While I’m not sure Campbell is channeling a white Disney Princess, she probably looks more like a Snow White than she ever has.

For me Campbell has always been a brilliant beacon of black beauty. Growing up I watched her incandescent dark skin, an unequivocal marker of her blackness, shine in photos like the polished wood of the African combs my Liberian mother hung on our living room walls. It is troubling to see that distinctive part of her beauty watered down.

Earlier this year, OkayAfrica editor Derica Shields blogged about another image of Campbell, one that will likely never see the level of exposure her Vogue Thailand cover:

"Seeing the darker skin at Naomi Campbell’s joints is the reason for this post," Shields writes. "This is skin usually evened out for editorials to create smooth lengths of mahogany and ebony. Here we’re confronted by the skin’s life and history.".
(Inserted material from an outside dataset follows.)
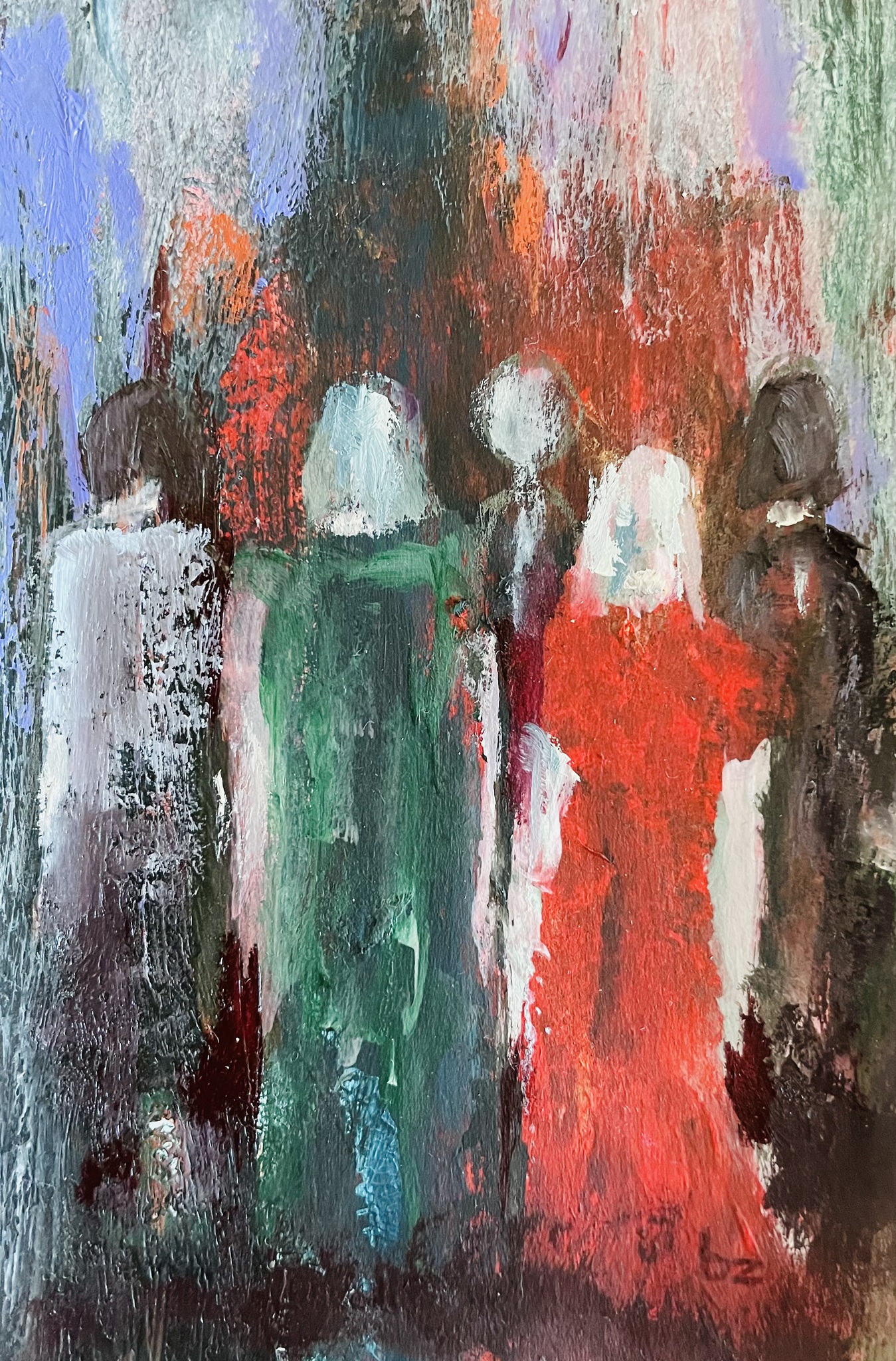 Een gefantaseerde groep vrouwen op weg naar de voorstelling

In the photo Shields refers to, Campbell reclines like the subject of a classical painting. She is bereft of make-up and Photoshop's caress.

Unlike the Vogue Thailand cover, this photo doesn’t tamper with Campbell’s blackness. It doesn’t succumb to the temptation to smooth over the idiosyncrasies of black skin and, by proxy, the nuances of blackness.

I know the temptation to "smooth" over blackness, to edit — not my skin — but my way of being in certain spaces. Many a black girl grew up being chided for "staying in the sun" for extended periods of time lest they become "too black." The politics of colorism didn’t figure largely in my immigrant family, but somehow I still left childhood with a hyper-awareness of being "too black." A fear of letting my vernacular become too loose, my hair too large, my slang palatable enough for the mainstream.

Editing my blackness, I've learned, results in the erasure of my self. I’ve realized that there are far too many black women who fought and won ideological and political battles in the name of black womanhood for me to shrink in the shadow of white privilege.

In 2013 the narrative of black beauty has been disrupted in a positive and complicated way. That’s why its so disheartening to see Campbell’s image, arguably black beauty’s global face, be distorted by beauty standards that belong to another time.